Most worrying is the unexplained emergence of widespread and regular outbreaks beginning in 2009. Anthrax can be difficult to diagnose and cases may have gone unnoticed over the preceding years. But in general the disease appears not to have been a major problem before. And the cyclical appearance of outbreaks during the monsoon season in seven of the past eight years is highly unusual. Even in endemic countries, the timing of anthrax outbreaks tends to be unpredictable. What has changed?
Widespread consumption of contaminated meat has also been a feature of these outbreaks, yet reportedly no cases of gastro-intestinal anthrax have been diagnosed. Many victims of the cutaneous form may have also suffered from GI anthrax and were treated successfully for both with antimicrobials. But under the circumstances, at least some GI cases would have been expected.
Bringing Anthrax Under Control in Bangladesh
The solutions to preventing the annual emergence of anthrax outbreaks in Bangladesh are no secret, least of all to Bangladeshi authorities. But, for reasons already noted, implementation is not a simple matter. A concerted vaccination campaign with timely boosters in high risk areas is the surest way to limit anthrax in livestock. And preventing anthrax in livestock prevents anthrax in people. But getting enough vaccines to remote, high-risk areas has so far proved difficult, despite some efforts.

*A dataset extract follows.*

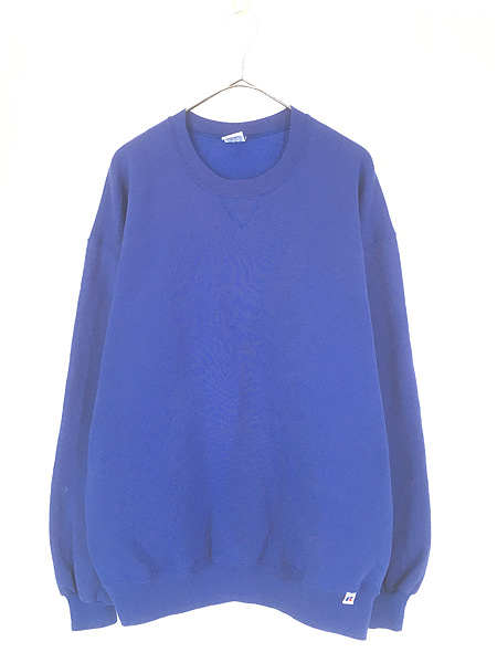 古着 90s USA製 Russell 無地 プレーン 前V セットイン スウェット トレーナー ブルー XL

Public awareness is critical to catching and treating disease early. But even those aware of appropriate carcass disposal have limited options during the floods of the rainy season. Risks will still be taken to salvage the meat and hides of severely ill animals. Closing off grazing lands that may be contaminated with B. anthracis spores is also not an option in this densely populated country, particularly during the rainy season when dry land is limited.

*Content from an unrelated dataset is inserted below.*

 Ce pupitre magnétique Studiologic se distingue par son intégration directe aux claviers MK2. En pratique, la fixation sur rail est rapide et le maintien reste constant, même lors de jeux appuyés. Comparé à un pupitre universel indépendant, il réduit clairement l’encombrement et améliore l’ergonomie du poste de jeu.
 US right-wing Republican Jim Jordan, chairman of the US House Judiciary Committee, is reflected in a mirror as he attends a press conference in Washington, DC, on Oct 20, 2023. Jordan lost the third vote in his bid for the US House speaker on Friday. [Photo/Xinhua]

Despite these handicaps, Bangladesh has somehow managed to keep human deaths from recent anthrax outbreaks to a minimum, or even non-existent if all cases have been diagnosed. While recent patterns of the disease in Bangladesh can largely be explained, remaining mysteries remind us that we still have much to learn about this ancient disease.
Fasanella A, Garofolo G, et al. Bangladesh anthrax outbreaks are probably caused by contaminated livestock feed. Epidemiology and Infection. 2012; 141(5): 1-8.
Saiful Islam Md, Jahangir Hossain M, et al. Risk practices for animal and human anthrax in Bangladesh: an exploratory study. Infect Ecol Epidemiol. 2013; 3.
Shaheenur Islam SK, Castellan DM, et al. Animal anthrax in Sirajganj district of Bangladesh from 2010 to 2012. Asian Journal of Medical and Biological Research. 2015; 1(3):387-395.
World Health Organisation (2008). Anthrax in Humans and Animals (4th ed.). Geneva: WHO.